Stream Store Amazon Store Builder

Update October 28th, 2016: I finally got a partial refund but it wasn’t easy.

Since Ariel Sanders (Stream Store developer) did not honour my refund request on October 6th, I was forced to open a PayPal dispute to recover my funds. Within minutes of me opening it, Sanders had responded (within the PayPal dispute) saying I was seeking a refund after the 30-day money-back period had expired. If only he’d dealt with support issues as quickly.

Indeed, I did open the dispute 3 days after the refund period had expired (but my original refund request had been on Oct. 6th). I asked for a refund for the base product and the three upsells. PayPal then created a case for each item separately. I don’t believe they should have done that as this thing was a package deal.

However, in my submission to PayPal, I did describe how I had originally requested a refund on Oct. 6th via email after Sanders’ Support Desk wouldn’t open new tickets, and that this refund request was well within the refund period. Initially, PayPal only provided a text box where I could describe my claim.

After seeing Sanders’ response in PayPal, I emailed him again directly, reminding him that I had sought a refund on October 6th. Again, he completely ignored me.

Within a couple of days, PayPal had decided against me in two of the 4 open cases. I then received an email from them asking for additional evidence to support my claim for the remaining two cases. I replied and attached 5 documents and screengrabs supporting my claim. I got a response saying they couldn’t accept email attachments and they gave me a hidden link to upload the files. After I’d done that, I checked the case files and found that none of the uploaded documents were attached to them but now there was a new link on each file to add documentation to them. That link did not appear on the original case files so I was unable to provide supporting evidence initially. That’s why the cases were decided against me. Using that link, I uploaded the documentation to the two remaining cases.

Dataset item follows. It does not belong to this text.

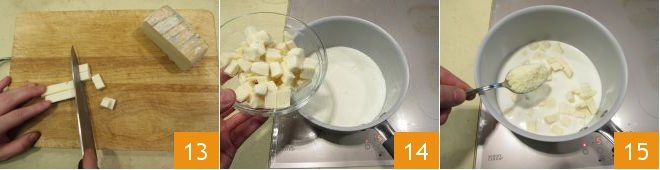 Meanwhile, prepare the taleggio sauce, cut the cheese into pieces 13, and place it in a pan with the milk 14, add the grated Parmesan 15.

However, once PayPal rule on a case, that verdict is set in stone. Keep that in mind as you read the rest of this story…

The documentation I provided included a screenshot of my original refund request to Sanders – since it was sent via Gmail, it also showed Sanders’ email address as being correct (i.e. the email wasn’t bounced) along with his photo. Hard to dispute that that email had not been sent. Other evidence included the support ticket conversation showing multiple times his software broke, screenshots of the broken test site and the URL of the test site so that PayPal could review the site for themselves.

And today, Oct. 28th, PayPal decided in my favour for the remaining two dispute cases. These two cases got me two thirds of my money back.

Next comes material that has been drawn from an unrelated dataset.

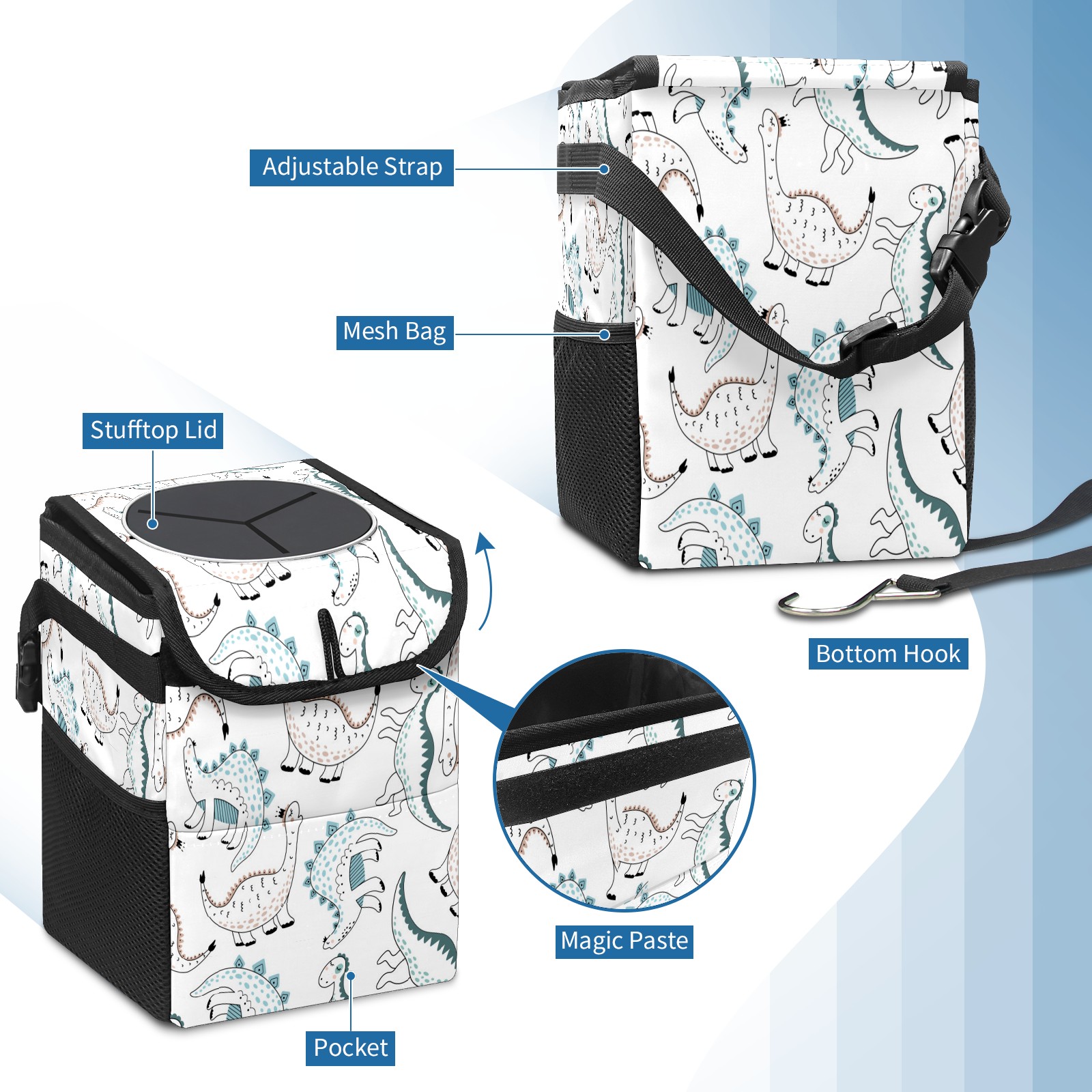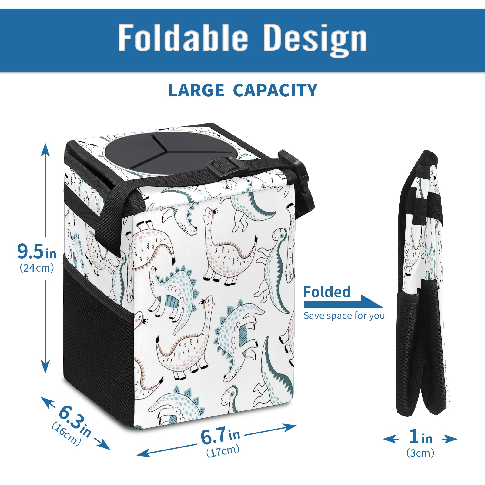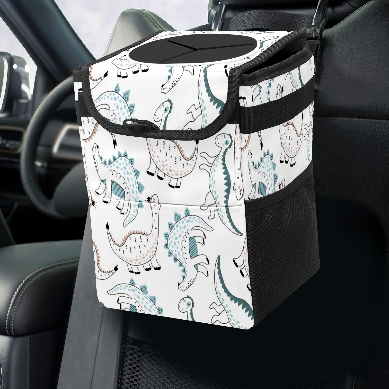 Car Garbage Can — Multi-functional, Lightweight Portable, Reusable Vehicle Trash Can, Waterproof with Sufficient Storage Capacity Cute Dinosaurs

PayPal do not offer an appeal process and they will not reverse decision already made. The fact that they decided in my favour in two of the cases once I was given the opportunity to provide evidence supporting my claim should, to my mind, mean that they should reverse the ruling on the previous two cases. After all, they are all part of the one package. It seems ludicrous that they have decided both in my favour and against me FOR THE SAME PRODUCT!

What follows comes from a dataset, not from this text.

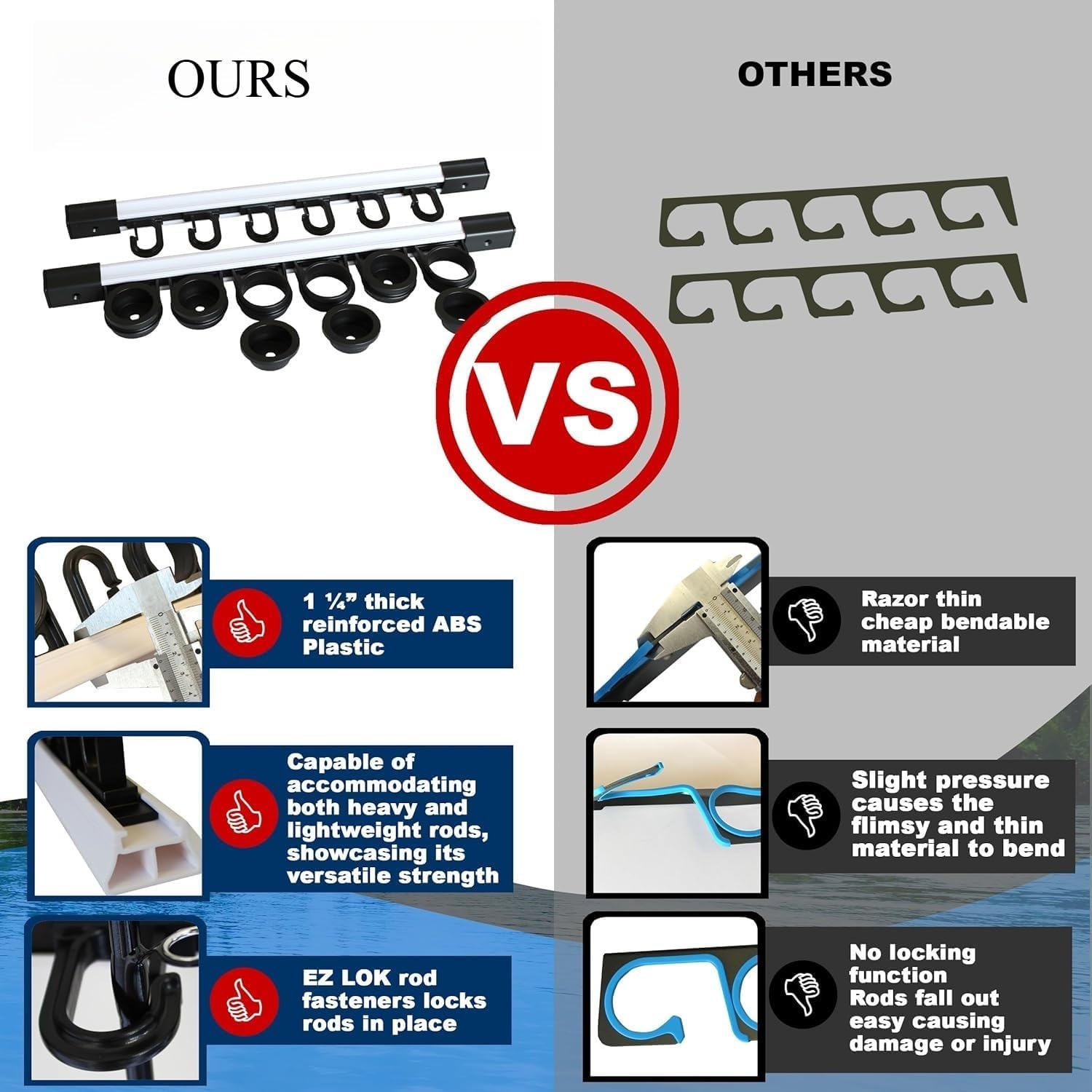 This 6-rod fishing rod holder provides a versatile and durable storage solution for organizing fishing equipment at home or in the garage. Made of strong weather-resistant ABS plastic with a blow-molded build, it supports long-term indoor and outdoor use. The rack can be mounted vertically or horizontally on walls or ceilings, securely holding up to 6 rod and reel combos. Adjustable bracket spacing ensures a proper fit for rods of various lengths, while the expandable sliding design allows upgrading to hold 12 or 18 rods as needed. Easy to install with included hardware, its compact size maximizes storage efficiency, keeping fishing gear tidy and ready for use.

PayPal’s dispute process is a complete mess. They break single cases into multiple parts and rule on those individually leading to a mixed bag of rulings. They don’t provide the ability to furnish supporting evidence from the outset. And followup communications come via email from their Compliance Dept and not through the dispute case pages within PayPal itself as you’d expect. In addition, the Compliance Dept won’t accept email attachments and you’re directed to another page to upload documents which then are not attached to the cases in question. You have to upload the documents again via a link (which then “magically” appears) on the case pages .

Consistency and good organization are not terms PayPal understands apparently.

Nevertheless, I was able to claw back the lion’s share of the money I spent purchasing Stream Store and its upsells.

What I’ve learned from Ariel Sanders’ behaviour is never to do business with him again. That would be a fool’s errand.

My advice, coming out of all this, is that you steer well clear of Stream Store and never buy any products from Sanders. It’s not that Stream Store was buggy that annoys me. It’s his handling of the entire situation.

So in this case: buyer definitely beware!

Update October 3rd, 2016: My original support ticket was actioned yesterday. It took 5 days for this to happen.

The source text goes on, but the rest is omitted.